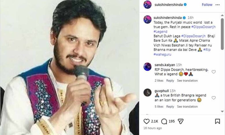 गायक सुखशिंदर शिंदा ने किया दुख व्यक्त
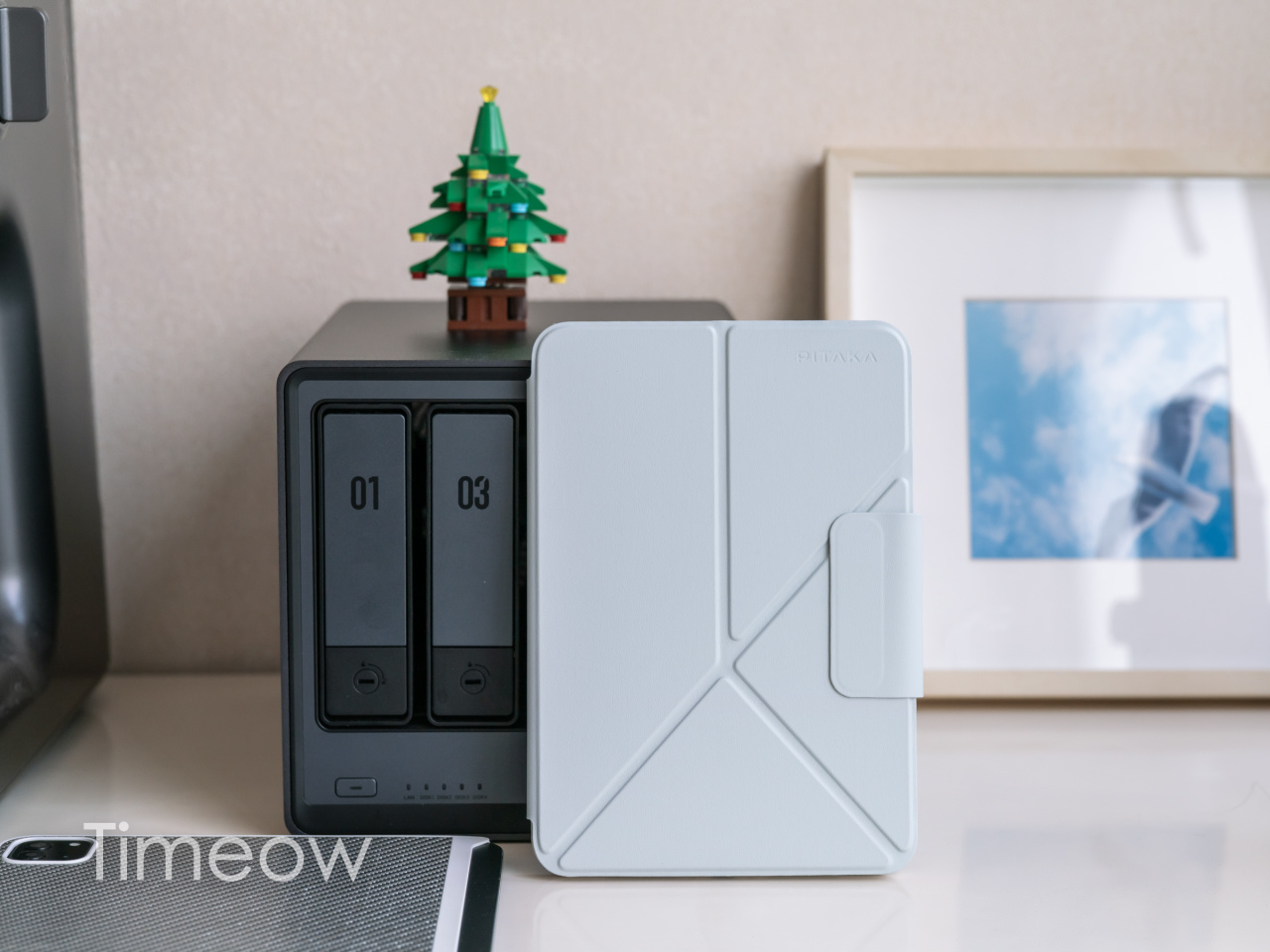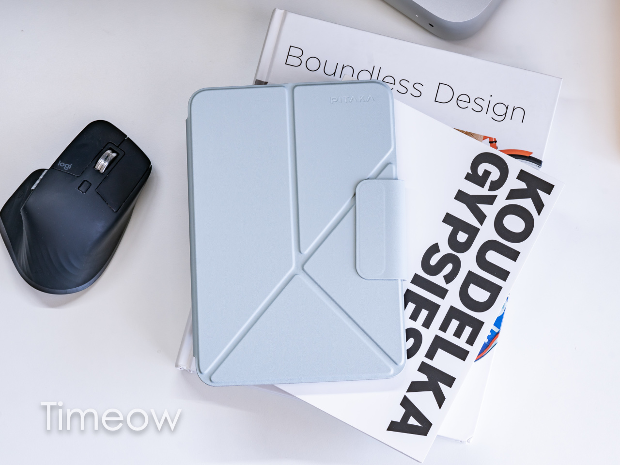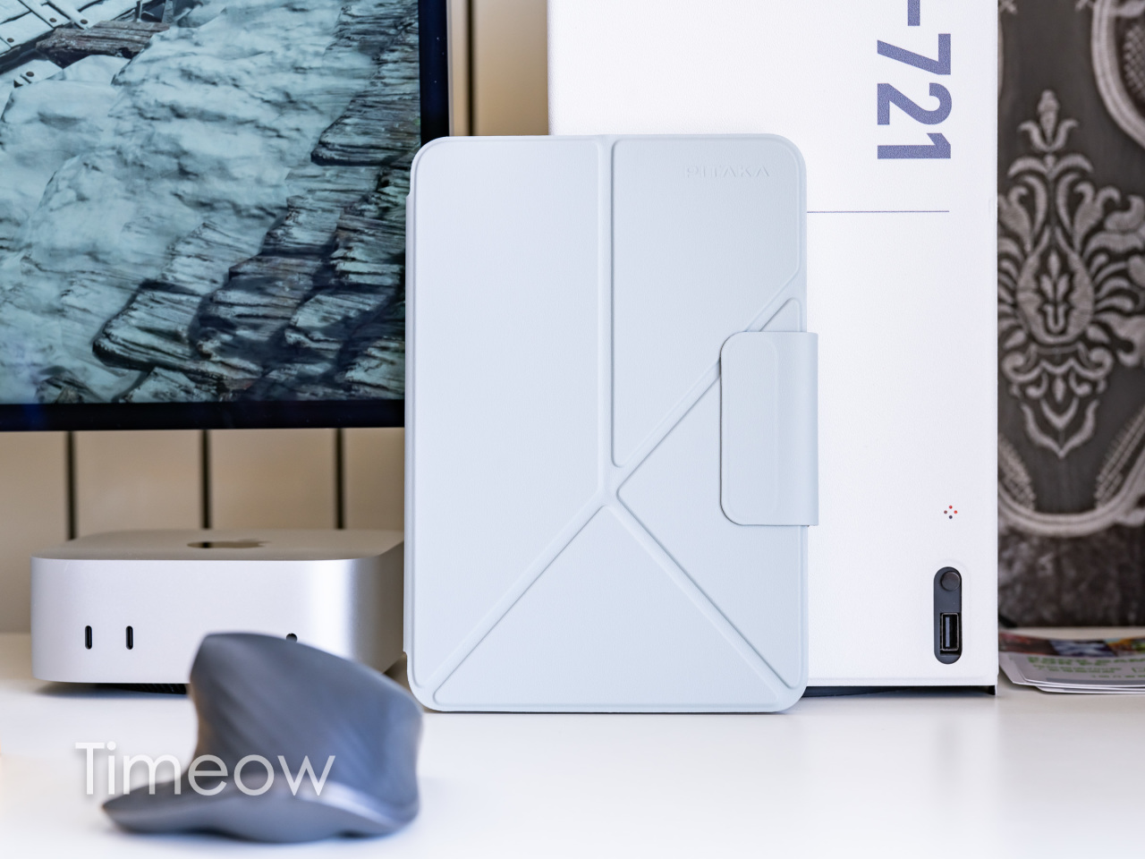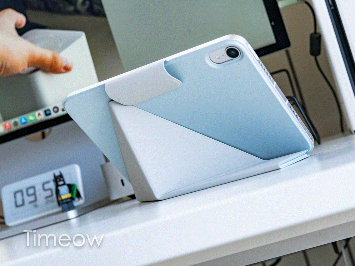 它的材质表面很柔,但内里挺硬的,再通过精巧的设计,可以折叠搞出多种姿态,看东西、画画、横着、立着都还行,在火车和飞机小桌板上用挺合适的。
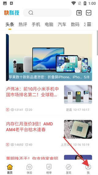 在“快科技”的首页,找到底部导航栏中的“我”选项并点击,即可进入个人中心页面。
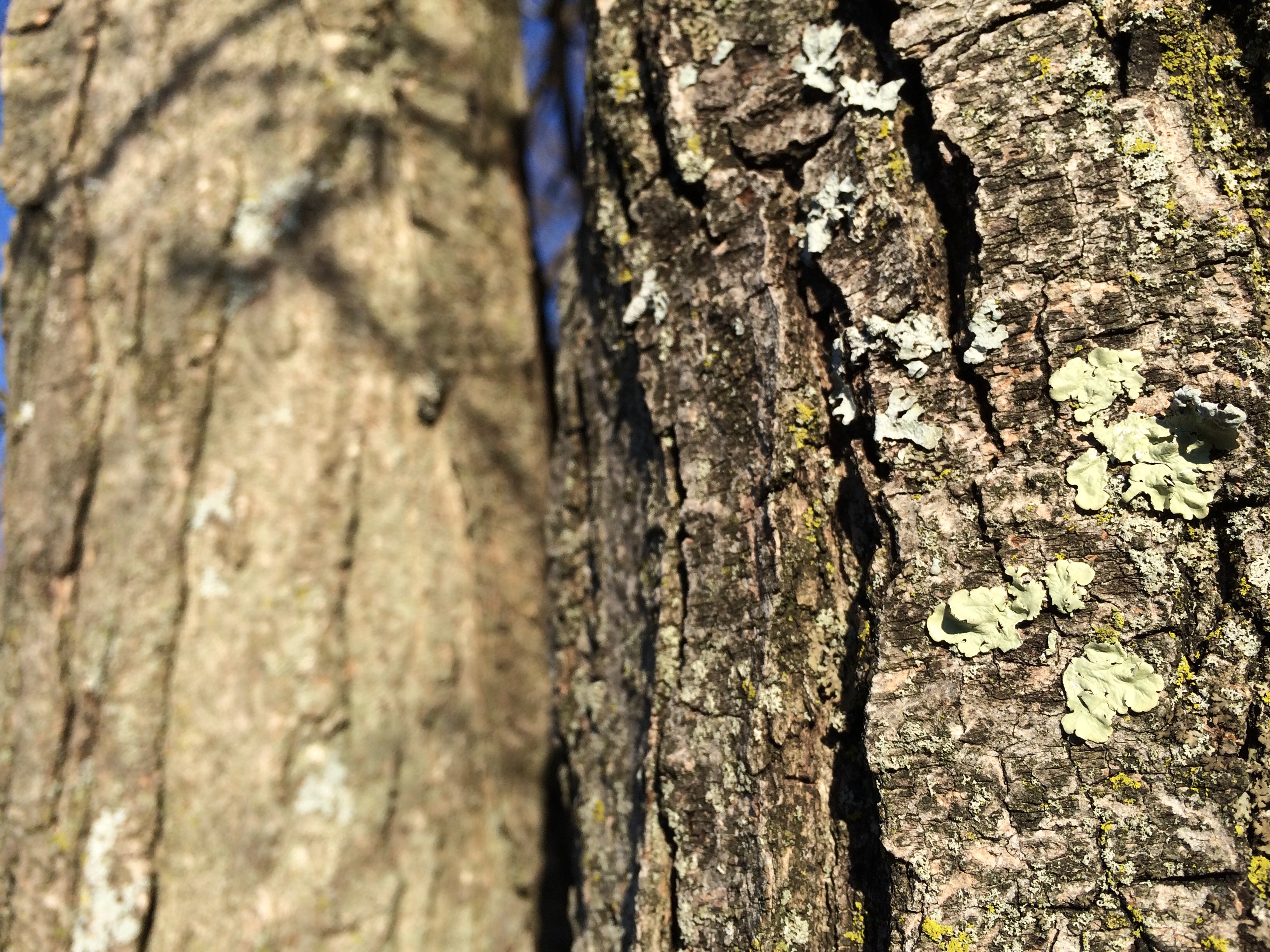 10 – Stepping back, Thacher tree with lichen (photo by Erin Lennon) May 8, 2017 3264 × 2448 Likin’ the Lichens in New York State Stepping back to admire a mix of foliose lichens (grey and light-green), crustose lichen (small golden speckles), and moss (dark green) on the same tree trunk at Thacher State Park. (Photo by Erin Lennon, NYS Parks)

### WORK TASK
Write the data above out exactly. Leave out any pictures.

### EXPECTED ANSWER
 गायक सुखशिंदर शिंदा ने किया दुख व्यक्त
 它的材质表面很柔,但内里挺硬的,再通过精巧的设计,可以折叠搞出多种姿态,看东西、画画、横着、立着都还行,在火车和飞机小桌板上用挺合适的。
 在“快科技”的首页,找到底部导航栏中的“我”选项并点击,即可进入个人中心页面。
 10 – Stepping back, Thacher tree with lichen (photo by Erin Lennon) May 8, 2017 3264 × 2448 Likin’ the Lichens in New York State Stepping back to admire a mix of foliose lichens (grey and light-green), crustose lichen (small golden speckles), and moss (dark green) on the same tree trunk at Thacher State Park. (Photo by Erin Lennon, NYS Parks)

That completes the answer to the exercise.